The company is in a dispute with regulators in Brazil, who reportedly are seeking a $6 billion fine. Kitzman contends that National Western Life — which has officers and major shareholders from the influential and philanthropic Moody family — might not have enough money in the bank if the fine is collected.
She — along with the Brazilian government — has been trying to get confidential information from National Western Life.
Kitzman’s letter said her attempt was mischaracterized as “acting in the interest of foreign jurisdictions, not Texas citizens.” The information she is seeking, she wrote, “is no different than information requested from and provided by other insurers licensed in Texas.”
Although Kitzman apparently sent the letter in an attempt to head off criticism, it was the first time many senators had heard of the company or its dispute with Brazil.
Kitzman declined to answer questions about specific companies the Texas Department of Insurance regulates.
National Western Life President Ross Moody, whose family has been in Texas since the 1800s, responded with his own letter. “National Western is feeling strong pressure from TDI to comply with the wishes of a foreign government,” Moody wrote.
In a statement, Moody added that the company “already turned huge amounts of financial data over to TDI, and my staff and I are working hard to respond to the questions they continue to pose.”
The company also maintained in its annual report that “Brazilian insurance regulators have no jurisdiction.”
Many Democrats have accused Kitzman of being too pro-industry, and others have criticized her for actions involving the troubled Texas Windstorm Insurance Association, or TWIA, which is already under administrative oversight by Kitzman’s department due to problems processing a deluge of claims stemming from Hurricane Ike in 2008.
Recently, Kitzman took heat for a move to reel in 1,000 to 2,000 outstanding TWIA claims connected with Hurricane Ike by calling for TWIA to be put into a bankruptcylike condition called receivership.
Particularly upset were trial attorneys who say receivership is unpal- atable because it leads to longer delays in settling outstanding claims, especially when compared with agreed-upon settlements.
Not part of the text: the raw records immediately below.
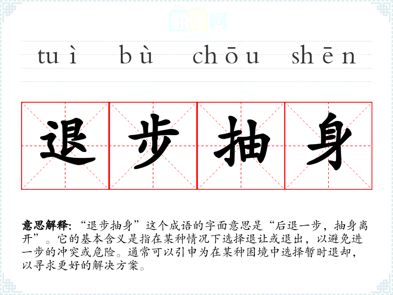 “退步抽身”这个成语的字面意思是“后退一步,抽身离开”。它的基本含义是指在某种情况下选择退让或退出,以避免进一步的冲突或危险。通常可以引申为在某种困境中选择暂时退却,以寻求更好的解决方案。
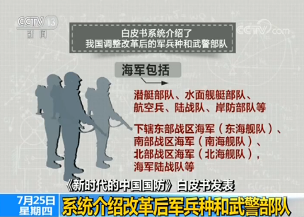 央视网消息:新版白皮书系统介绍了我国调整改革后的军兵种和武警部队。其中陆军包括机动作战部队、边海防部队、警卫警备部队等,下辖5个战区陆军、新疆军区、西藏军区等。
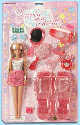 2216/7 B/O Beauty Set. Beauty set comes with 11.5" doll, mirror, brush, hair dryer, hair pins, real shoes, stickers, and requires batteries. Card Size: 18.5"x12".
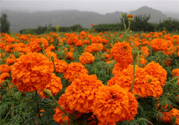 黃橙橙的花朵呈半球形花瓣重重疊疊豐滿碩大葉綠花艷,黃綠交輝遠(yuǎn)遠(yuǎn)望去,如同一片片橘色汪洋。
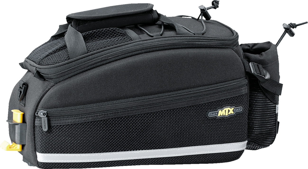 MTX QuickTrack compatible Trunk bag featuring a divided main compartment constructed with process of combining rigid panels and flexible fabric for structure and water repellencyFeatures two mesh side compartments for extra capacity and rear water bottle holder lets you carry more water on extended tripsAlso features shoulder strap, carrying handle, elastic top bungees, 3M reflective strip, safety light clip, and option rain coverMax load limited to rack max load rating
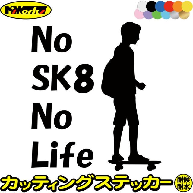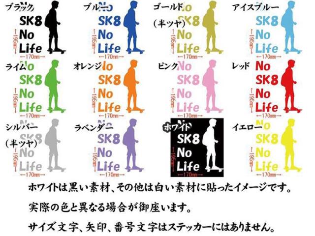スケボー スケートボード ステッカー No SK8 No Life ( スケートボード )3 カッティングステッカー 全12色 車 ウィンドウ 窓ガラス かっこいい グッズ nolife ノーライフ ステッカー 防水 耐水 アウトドア デカール 転写シール 195mmX170mm (SP)
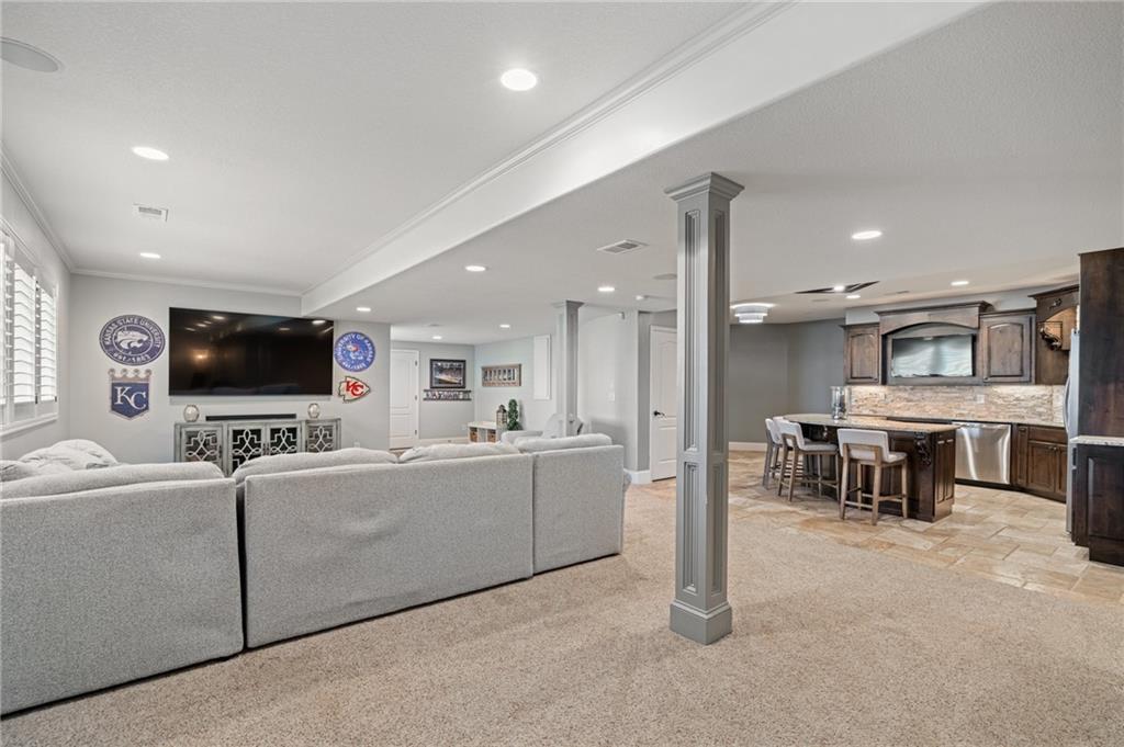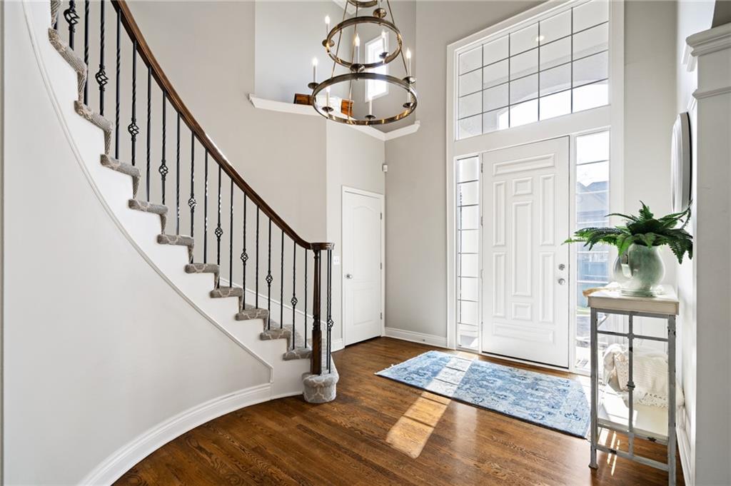 Welcome to this stunning 2-story home in highly sought after Woodland Reserve community in Lenexa! From the moment you arrive, the WOW factor is undeniable. This home has been beautifully updated and meticulously maintained with impressive attention to detail throughout. Step inside to discover gleaming hardwood floors that flow through the main level creating a warm and inviting atmosphere. The gorgeous kitchen is truly the heart of the home featuring modern finishes, ample cabinetry and granite counters w/generous space for cooking, gathering and entertaining. Work from home? Enjoy a quiet, private main level home office, perfect for productivity without distractions. After a long day, retreat to the spacious primary suite complete with a luxuriously updated primary bath designed for relaxation, offering stylish finishes and a spa-like feel. This home features 3 additional bedrooms providing comfort and flexibility for family and guests. The finished lower level is an entertainer's dream boasting an amazing bar area and plenty of space for movie nights, game days or hosting guests. Step outside to a professionally landscaped yard that enhances curb appeal and creates a beautiful outdoor setting. Enjoy time on the stamped concrete patio w/built in grill. The backyard sport court offers endless opportunities for recreation and fun. Car enthusiasts and eco-conscious buyers alike will appreciate the 3 car garage w/epoxy floors and EV charging power. Don't miss the built-in storage unit large enough to fit a golf cart (side of house). This exceptional home offers the perfect blend of luxury, functionality and standout features. (Did I mention plantation shutters throughout entire house?) Don't miss your chance to call this HOME!
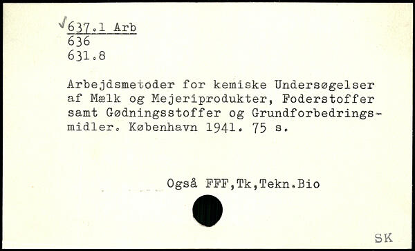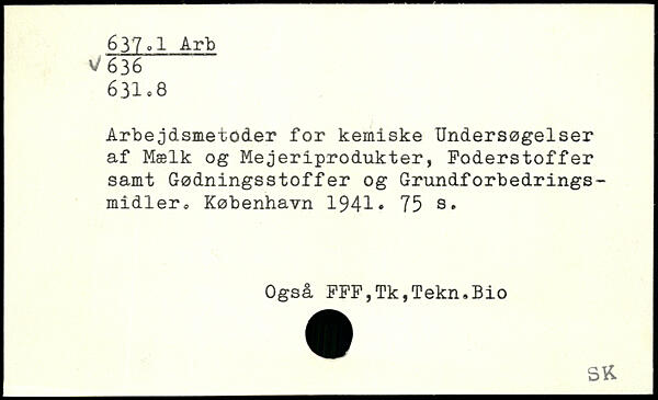 Arbejdsmetoder for kemiske Undersøgelser af Mælk og Mejeriprodukter, Foderstoffer samt Gødningsstoffer og Grundforbedrings-midler,
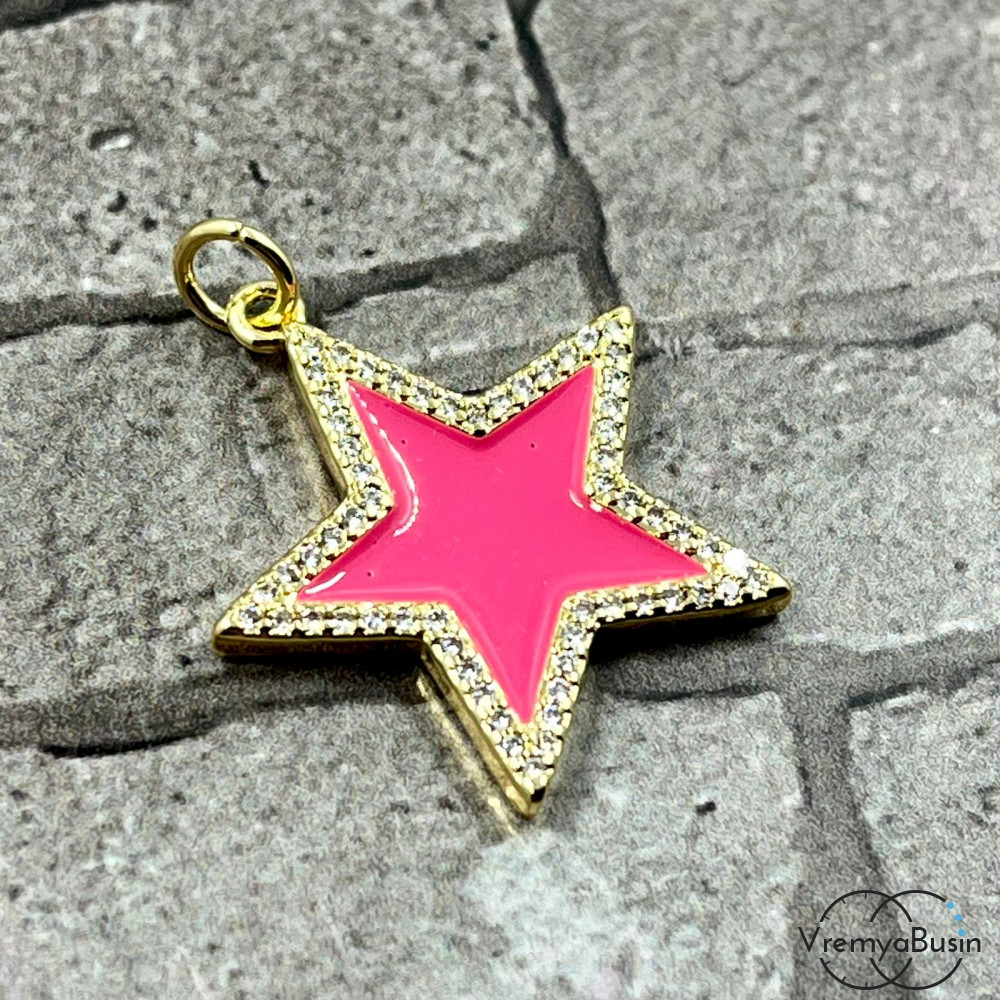 Подвеска с эмалью "Звезда", 18х22 мм, латунь с позолотой (1 шт.)
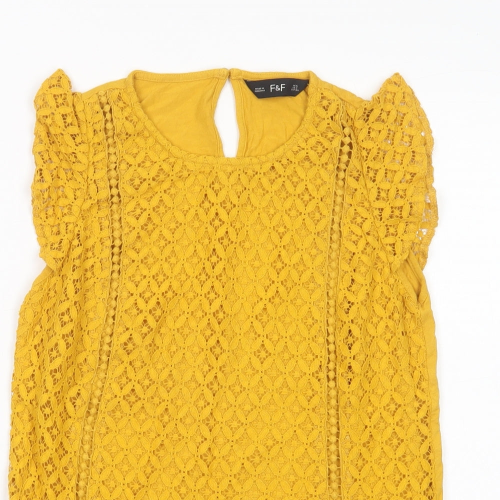 Womens Yellow Cotton Basic Blouse Size 6 Crew Neck - Lace Overlay
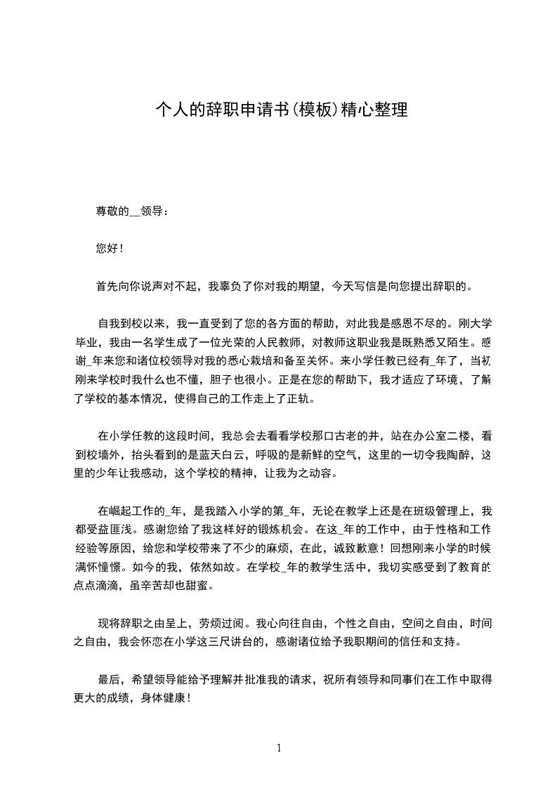 现将辞职之由呈上,劳烦过阅。我心向往自由,个性之自由,空间之自由,时间之自由,我会怀恋在小学这三尺讲台的,感谢诸位给予我职期间的信任和支持。
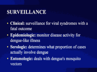 Aedes aegypti densities. An effective dengue surveillance system must address the disease from both a clinical and an entomological perspective as well as consider the virologic, epidemiologic, and serologic aspects that are useful in an active surveillance system. Surveillance for dengue and dengue hemorrhagic fever/dengue shock syndrome can be either active or passive. Currently, most surveillance for these diseases has been passive - that is, it has depended upon case reports from the medical community that have recognized dengue-like illnesses. In most tropical countries where dengue transmission is reported, the surveillance system is of the passive type, with health authorities waiting until transmission is recognized by the medical services and detected through the routine reporting system. This type of surveillance is typically very insensitive because of the low index of suspicion on the part of the physicians and the difficulties inherent in clinical differential diagnosis. Additionally, many patients treat themselves at home and do not seek medical treatment. Thus, by the time dengue cases are detected and reported by the medical community in a passive surveillance system, substantial transmission has already occurred and even may have peaked. By then it is generally too late to have much impact upon epidemic transmission, even though intensive mosquito control measures may be implemented. The alternative strategy is active surveillance, which entails actively monitoring dengue infections in the community at all times. |

Trial lawyers, many of whom have made contributions to many Democratic state senators, also have criticized Kitzman for pushing receivership after TWIA’s board declined to voluntarily accept it.
Additionally, Democrats, particularly state Sen. John Whitmire of Houston, have criticized Kitzman for her decision to spend nearly $2 million for Alvarez & Marsal, a New York-based consultant, to look into TWIA.
“I just think you’ve kind of, really lost control,” Whitmire told Kitzman at the time. “Or maybe you’re very much in control of the use of consultants.”
With tough talk under fire, Kitzman defended her decision, telling Whitmire that her staff knows about regulation, but not about operating an organization like TWIA.
Democrats have enough votes to torpedo Kitzman’s confirmation. Add in the Republicans upset about governmental overreach, and Kitzman is looking at a tough confirmation.
Gov. Rick Perry still hasn’t reappointed her. And the chairman of the Nominations Committee has said he won’t move on Kitzman’s confirmation until he sees a letter of reappointment.
It’s a far cry from the experience of Kitzman’s last two predecessors, who enjoyed easy confirmations and reappointments.
Still, Kitzman has her supporters.
“She’s, at times, blunt and a bit outspoken,” said state Sen. John Carona, R-Dallas, who counts himself a strong supporter. “It places a target upon her.”
But Carona said she’s also the most wellinformed insurance commissioner he has worked with.
“Eleanor Kitzman will do the right thing as she sees it, regardless of the fallout,” he said.